For a Malaysian example of this disturbing behaviour, let’s examine the Malaysian reactions to the passing of Dr. Azahari Husin in 2005. Doctor Azahari — a former Malaysian university professor — was a committed jihadist and chief bombmaker for the terrorist group Jemaah Islamiyah. As you may recall, he was directly implicated in both Bali bombings (2002 and 2005), the JW Mariott hotel bombing in Jakarta in 2003, and the Australian embassy bombing in Jakarta in 2004. Azahari was in fact an unrepentant mass murderer, responsible for the deaths of hundreds of innocent people. But, as his family and the Malaysian media would have it, he was also supposedly a ‘genuinely warm and caring kind of guy’ who selflessly went to serve a ‘higher cause’.
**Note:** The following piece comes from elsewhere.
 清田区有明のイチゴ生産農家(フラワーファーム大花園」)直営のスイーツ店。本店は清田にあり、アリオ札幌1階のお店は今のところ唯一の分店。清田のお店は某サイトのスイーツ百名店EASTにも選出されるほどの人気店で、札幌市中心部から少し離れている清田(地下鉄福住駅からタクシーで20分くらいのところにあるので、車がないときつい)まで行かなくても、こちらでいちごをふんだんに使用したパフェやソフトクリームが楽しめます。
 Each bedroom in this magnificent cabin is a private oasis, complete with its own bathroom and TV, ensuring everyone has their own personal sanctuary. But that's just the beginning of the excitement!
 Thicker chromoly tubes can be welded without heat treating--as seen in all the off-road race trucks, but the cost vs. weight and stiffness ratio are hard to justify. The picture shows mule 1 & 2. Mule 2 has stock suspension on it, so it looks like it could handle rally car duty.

Here is the kind of spin his family put on the ‘fondly remembered’ Doctor Azahari, as was published verbatim in a Malaysian newspaper at the time (link unavailable):
…in his family, he was a respected big brother whose skills in Maths and zest for sports were a source of inspiration to his nine siblings. Azahari Husin’s sister, Suraya, 45, recalled that her brother loved cowboy movies and thought girls were “soppy”. … He loved the outdoors and once hitchhiked on a lorry from the premier Malay College (in) Kuala Kangsar, where he studied, to his home in Jasin as a teenager. When he studied in Australia, he took motorcycle excursions across the desert. He loved orchids and sports cars.
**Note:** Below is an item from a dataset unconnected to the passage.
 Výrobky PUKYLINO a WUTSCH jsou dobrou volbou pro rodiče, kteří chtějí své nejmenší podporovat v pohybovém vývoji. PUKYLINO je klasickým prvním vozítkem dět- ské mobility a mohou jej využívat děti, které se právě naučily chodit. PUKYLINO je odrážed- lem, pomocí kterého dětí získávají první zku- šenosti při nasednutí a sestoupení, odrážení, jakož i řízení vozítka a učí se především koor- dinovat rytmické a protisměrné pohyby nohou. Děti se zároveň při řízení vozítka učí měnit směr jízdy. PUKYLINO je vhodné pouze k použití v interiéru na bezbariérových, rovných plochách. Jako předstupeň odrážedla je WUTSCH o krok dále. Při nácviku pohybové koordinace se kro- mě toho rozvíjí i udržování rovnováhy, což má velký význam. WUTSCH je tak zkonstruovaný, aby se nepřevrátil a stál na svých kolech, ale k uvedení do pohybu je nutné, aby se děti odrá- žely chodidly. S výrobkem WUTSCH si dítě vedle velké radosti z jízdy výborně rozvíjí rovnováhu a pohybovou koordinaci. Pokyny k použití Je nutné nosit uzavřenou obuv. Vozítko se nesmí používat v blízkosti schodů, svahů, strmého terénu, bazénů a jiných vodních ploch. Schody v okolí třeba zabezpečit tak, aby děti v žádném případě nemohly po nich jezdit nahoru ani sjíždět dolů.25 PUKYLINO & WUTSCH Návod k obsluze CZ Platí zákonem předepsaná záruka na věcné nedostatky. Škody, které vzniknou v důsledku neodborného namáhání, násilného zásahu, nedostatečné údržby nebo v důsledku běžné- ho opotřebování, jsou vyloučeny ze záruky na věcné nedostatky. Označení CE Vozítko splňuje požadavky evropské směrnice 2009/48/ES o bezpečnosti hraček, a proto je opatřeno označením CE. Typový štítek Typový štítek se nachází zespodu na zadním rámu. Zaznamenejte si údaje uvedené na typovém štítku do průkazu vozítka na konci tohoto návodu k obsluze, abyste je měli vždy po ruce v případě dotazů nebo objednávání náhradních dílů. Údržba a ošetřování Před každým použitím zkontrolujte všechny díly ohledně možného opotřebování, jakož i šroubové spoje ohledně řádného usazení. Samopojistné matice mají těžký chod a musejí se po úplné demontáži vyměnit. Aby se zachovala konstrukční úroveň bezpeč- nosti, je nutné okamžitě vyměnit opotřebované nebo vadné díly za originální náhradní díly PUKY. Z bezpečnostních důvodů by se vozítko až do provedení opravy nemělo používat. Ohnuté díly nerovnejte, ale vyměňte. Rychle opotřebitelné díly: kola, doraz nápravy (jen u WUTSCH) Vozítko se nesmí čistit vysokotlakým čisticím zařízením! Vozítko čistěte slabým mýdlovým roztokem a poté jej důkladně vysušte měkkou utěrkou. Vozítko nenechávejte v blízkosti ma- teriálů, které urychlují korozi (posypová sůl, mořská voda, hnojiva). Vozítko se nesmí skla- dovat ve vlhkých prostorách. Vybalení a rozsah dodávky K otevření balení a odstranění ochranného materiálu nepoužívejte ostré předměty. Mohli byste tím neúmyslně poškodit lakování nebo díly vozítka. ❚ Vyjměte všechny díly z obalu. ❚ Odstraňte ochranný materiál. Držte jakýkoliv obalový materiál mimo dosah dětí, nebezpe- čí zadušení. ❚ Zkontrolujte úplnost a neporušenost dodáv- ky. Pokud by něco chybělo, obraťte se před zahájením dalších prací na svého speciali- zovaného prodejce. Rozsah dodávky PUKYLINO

And while the family found plenty of wonderful memories to share with the sympathetic Malaysian media, there was nary a trace of condemnation of the late doctor’s multi-year murder spree. Azahari’s family did have this to say about the notorious terrorist in the family:
“… our family and friends never interfered with what my brother did. That’s the integrity of our family,” said (a younger sister of Dr Azahari Husin.) … “People can say what they want, but I know my brother,” she said when pressed for comments by newsmen at her house in Jalan Chin Chin here yesterday.
Azahari also received a hero’s send-off at his funeral in his hometown of Jasin, a small town several hours’ drive south of the Malaysian capital Kuala Lumpur. The ceremony attracted some 600 well wishers, who repeatedly chanted ‘Allahu akbar’ during the funeral. Many present at the ceremony also voiced skepticism of Azahari’s role as a top terrorist. “Azahari will always have friends here. We shouldn’t be asked to believe what is written about him in the newspapers,” said one man who refused to identify himself.
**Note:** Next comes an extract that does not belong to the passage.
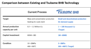 In October 2019 Tsubame commissioned a pilot plant with a nominal capacity of 55 kg per day (20 tonnes per year) at food producer Ajinomoto’s factory in the city of Kawasaki. According to an October 5, 2020 Tsubame press release, the fact that the plant has been able to “achieve continuous operation” represents “a major step toward commercialization.”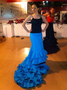 Yesterday was my first experience with the bata de cola (that blue thing I’m wearing in the photo). Beautiful, yes, but this little ruffled monster isn’t easy to maneuver. I thought the mantón was a beast, but damn … the bata presents a completely different set of challenges.

These are very curious reactions all around, at the very least. Given multiple opportunities to condemn terrorism, and to pronounce how un-Islamic all this terrorism supposedly is, Azahari’s family, friends and neighbours all refused to so state. Rather the opposite, actually — in particular, Azahari’s sister said for the record that family and friends “…never interfered with what my brother did”. This is a disturbingly noncommittal thing to say about a man intimately involved in carrying out mass murder, and for conspiring to commit even more mass murder. Indeed, it could even be construed as approval.